Logically, it is the truck driver, Suparman, 60, who should have been held responsible for the fatal accident because he was driving the truck on a narrow country road forbidden for heavy and large vehicles. Despite having violated traffic regulations he was never named a suspect in the case.
But illogical things often happen here. It is true that Indonesia’s reformation has brought economic progress and improved the country’s democratic life. But it is also true that justice remains a precious thing hardly obtainable by the underprivileged.
The public sensed that something fishy was going on in Ninik’s case, all the more so after they learned that a local police official had asked her to withdraw a report filed earlier to the police in which she accused Suparman of careless driving. The official also insisted she accept Rp 2.5 million ($258) as compensation from the company that owned the truck.
A subsequent and shocking event confirmed the public’s suspicion when, in the middle of this month, she was asked to sign an official report made by the Banyumas traffic police office, stating that she was the suspect in the tragic accident due to her careless riding.
Thus the victim was victimized. It provoked a public outcry.
It’s crystal clear that some officials were trying to cover up any wrongdoing the driver and owner of the truck might have committed. The public is justified in their suspicions because they have seen how law enforcers — despite their “equality before the law” credo — are reluctant to even name a person close to the corridors of power a suspect but will readily throw any suspected individual in jail if he or she is just a member of a marginalized community.
Responding to the public outrage, the Banyumas commanding police officer, Adj. Sr. Comr. Dwiyono, said last Saturday that the police had halted the investigation into Ninik’s case and dropped charges against her on humanitarian grounds and due to the fact that both the truck driver and the victim had reached a consensus not to sue each other in a court of law.

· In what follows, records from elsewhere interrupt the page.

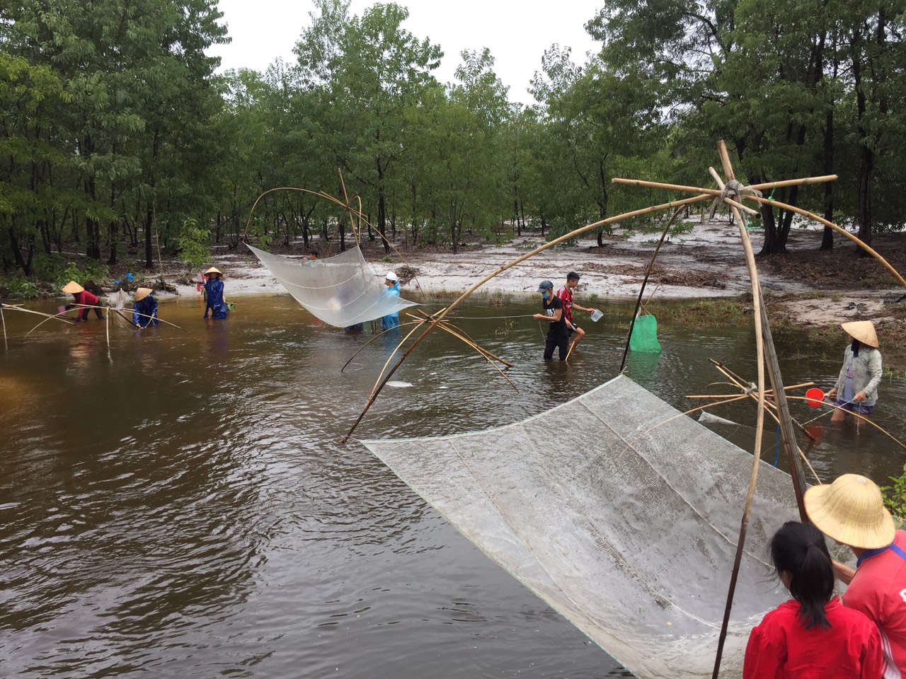 Người dân xã Phong Hòa bắt cá mùa lũ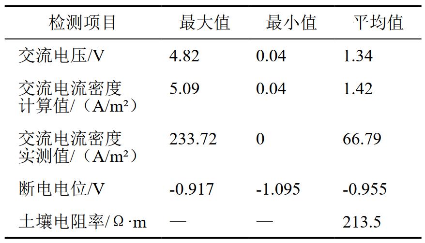某管道敷設環(huán)境為沙土,防腐層為3PE形式,測試樁距離鐵路約1.5 km,附近無(wú)高壓輸電線(xiàn)路,無(wú)明顯可見(jiàn)干擾源。2022年,針對該管道一處測試樁開(kāi)展雜散電流檢測工作,采用數據記錄儀對測試樁處交流電壓、交流電流密度、斷電電位進(jìn)行24小時(shí)檢測,結果發(fā)現,現場(chǎng)實(shí)測的交流電流密度值與通過(guò)GB/T 50698―2011 《埋地鋼質(zhì)管道交流干擾防護技術(shù)標準》推薦公式得出的計算值存在較大差異,如表 1所示。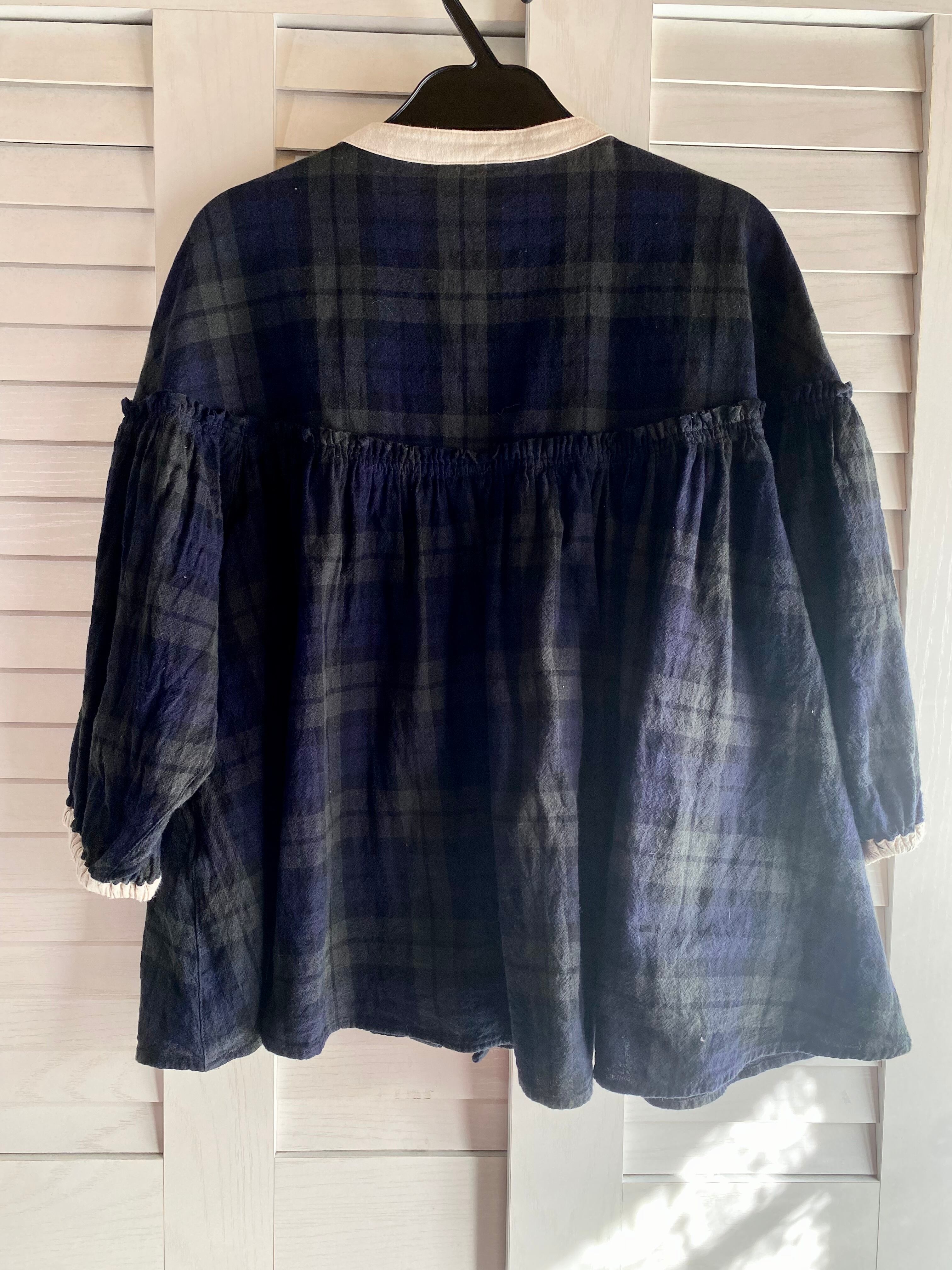 #169 Samansa Mos2 タータンチェック ヨーク切替ボリュームブラウス ネイビー×グリーン

Had Ninik’s case not been widely reported by the media, another injustice would have been carried out by irresponsible, corrupt law enforcement officials. Also on Saturday, Suparman visited Ninik and apologized for his mistakes, six months after the poor bedridden woman fought hard to overcome her grief over the loss of her beloved one!
The damage was already been done. Now is the time for the National Police chief and Home Affairs Ministry officials to conduct a thorough investigations into this breach of justice and punish rouge officials who have tainted the image of the country’s police forces.
Justice must be upheld for the benefit of every Indonesian citizen. Because, as a leading French historian and philosopher, Alexis de Tocqueville, once put it: “Justice forms the cornerstone of each nation’s law.”